Güney Asya, Asya kıtasının güney bölgesinde yer alıyor. Neredeyse toplam nüfusun 5 ‘te 1’inin bu bölgede yaşadığı söylenmekte. Son araştırmalara göre, son 30 yılda nüfusun üç katına çıktığı söyleniyor. Güney Asya, etnik olarak çeşitlilik göstermekte ve neredeyse 30’dan fazla dil konuşulmaktaymış.

Bildiğimiz en popüler Güney Asya ülkeleri arasında Hindistan, Nepal, Çin, Maldivler, Kuzey Kore, Singapur, Lahor, Japonya ve dünyanın ve turistler arasında en popüleri olarak bilinen bir diğer Güney Asya ülkesi ise Tayland. Başkenti ise Bangkok’dur. Tay dilindeki kısaca adı Krung thep. Şu an nüfusu  yaklaşık olarak 12 milyon civarlarında olduğu söyleniyor.

Eski adı Siyam olarak da bilinen ve 13. yüzyılda Çin kökenli Taylar tarafından kurulan Tayland Krallığı, Avrupalı devletlerin egemenliğine girmemiş ve 19. yüzyıla kadar da Avrupalılarla ilişkilerini hep  uzak tutmuş. Fakat  bugün ise tam tersi diyebiliriz.  Batılı turistlerin Güneydoğu Asya’yı en çok ziyaret ettiği ülkelerden birisi haline gelmiş. Turizm, ülkenin en önemli gelir kaynaklarından birisi olarak ilk sıralarda yer alıyor.

Tayland aynı zamanda tarihsel ve sanatsal güzellikleri, Budist tapınakları ve müzeleri nedeniyle de turistlerin akınına uğruyor.

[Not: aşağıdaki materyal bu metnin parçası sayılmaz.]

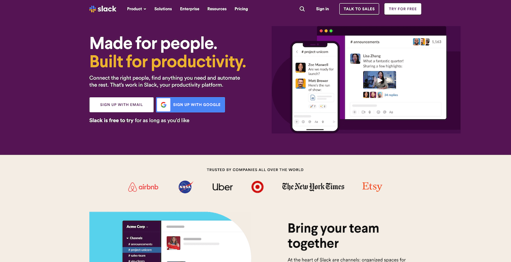 Work chat software is fundamentally boring. Slack manages to make it exciting through their use of color and playful design.
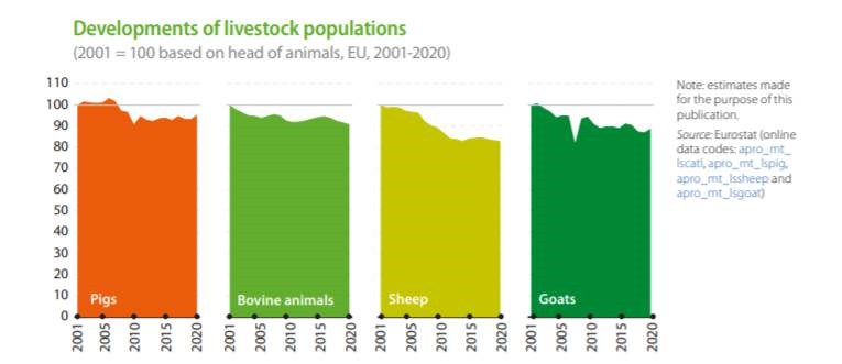 Pour ceux qui veulent lire une petite brique d’information sur l’agriculture européenne, il y a une étude qui vient de sortir sur l’évolution de la production en Europe (2001 – 2020) (en anglais pour l’instant – j’imagine que la traduction ne saurait tarder). On peut retrouver ce tableau sur la décroissance de tous les cheptels animaliers en Europe depuis 20 ans. Moins de porcs, moins de bœufs et vaches, moins de moutons et moins de chèvres. C’est une trajectoire que l’Amérique du Nord pourrait suivre au cours des prochaines années avec la montée des groupes véganes, le bien-être animal, le vieillissement des producteurs (l’âge moyen est élevé), notre sensibilité aux mouvements environnementaux, etc. Tous ces facteurs contribuent à une diminution de la production.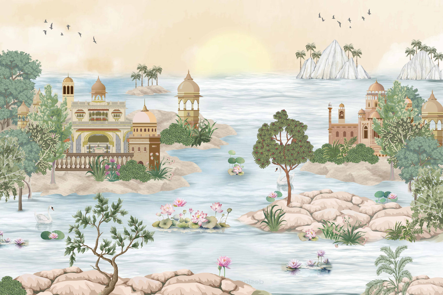 Grand palaces stand gracefully by a serene lake wallpaper mural, reflecting their intricate details in the calm waters. Lush gardens bloom with vibrant lotus flowers, creating a water garden wallpaper that captures nature's beauty. Birds glide across the sky, enhancing the elegance of this royal palace wallpaper. The delicate architecture of domes and archways showcases a traditional Indian palace mural, bringing historical charm to the interiors. Towering palm trees and rolling hills add depth to the scenic landscape mural. This Mughal architecture wallpaper highlights timeless beauty, offering a glimpse into the grandeur of ancient craftsmanship and regal serenity.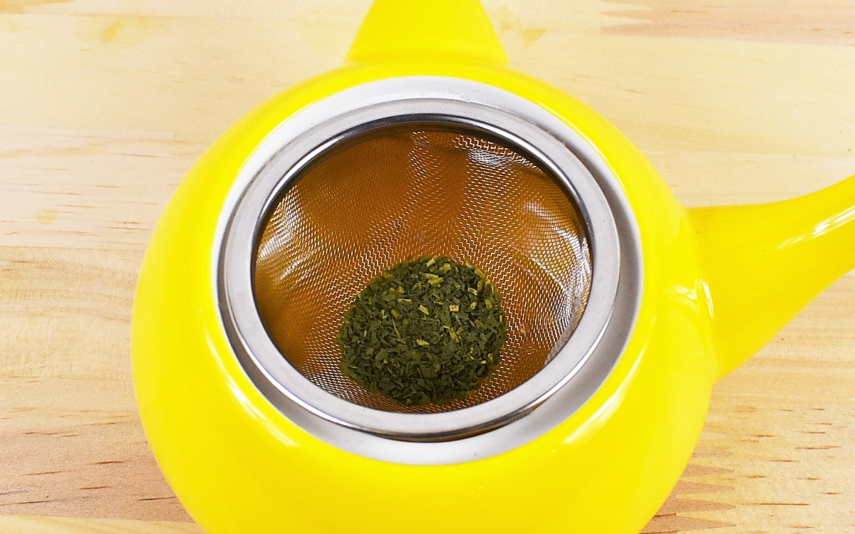 ステンレス製の網も付属しているため、茶葉を入れてお湯を注ぐだけでOK。さっそく茶葉と湯呑みを用意して、1杯入れてみます。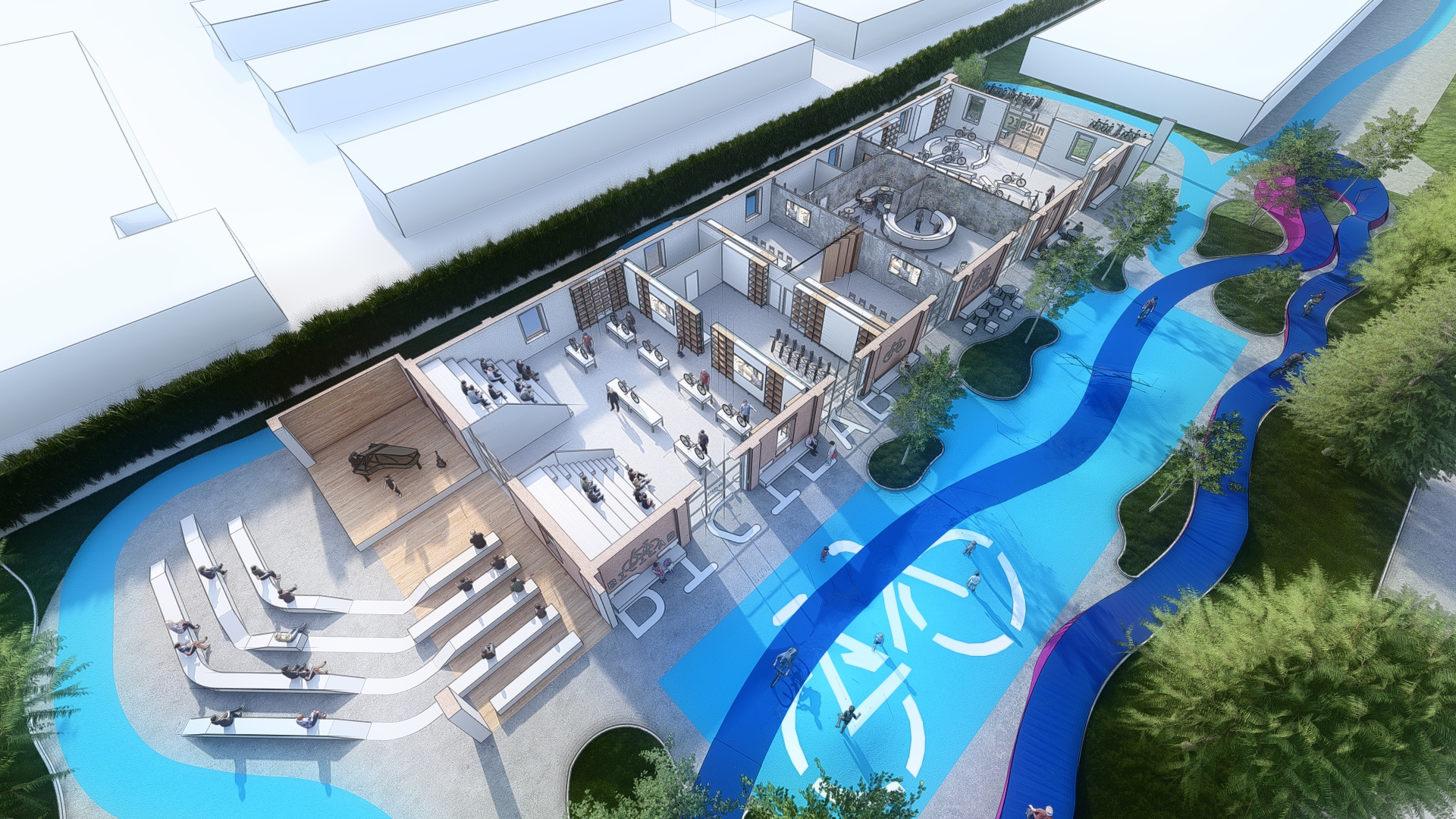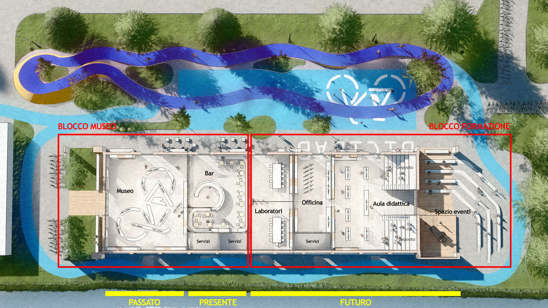 L’obiettivo posto alla base della progettazione è quello di creare un nuovo luogo della città in cui ci sia la possibilità per il cittadino di fare nuove esperienze e di confrontarsi in modo attivo con diverse generazioni tramite lo strumento della bicicletta.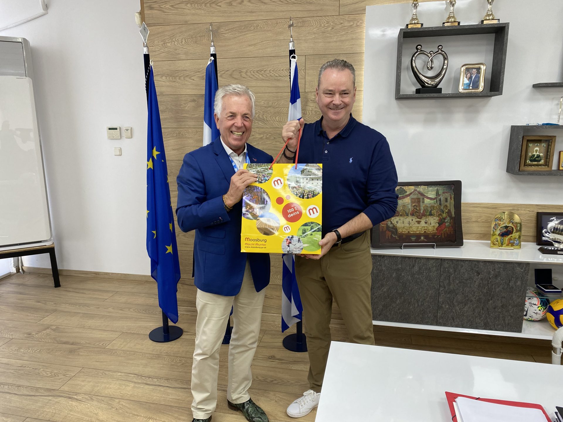 LAbg Bürgermeister Herbert Gaggl, GV Stefan Staudacher, Walter Pickl und Amtsleiter Norbert Pichler nahmen an den Feierlichkeiten teil. „Die Partnerschaft mit Katerini ist ein kleiner, aber wichtiger Baustein für das friedliche Zusammenleben in Europa. Wenn wir andere Menschen, andere Nationen akzeptieren, dann hat der Krieg keine Chance“, betonte Bürgermeister Herbert Gaggl.

Bangkok’a gittiğinizde ilk dikkatinizi çekecek şeylerden birisi de çok fazla tapınağa sahip olmasıdır. Bangkok bir Budist şehri ve  yaklaşık olarak 425 adet tapınak bulunduğu söyleniyor. Tapınaklar UNESCO tarafında da koruma altına alınmış.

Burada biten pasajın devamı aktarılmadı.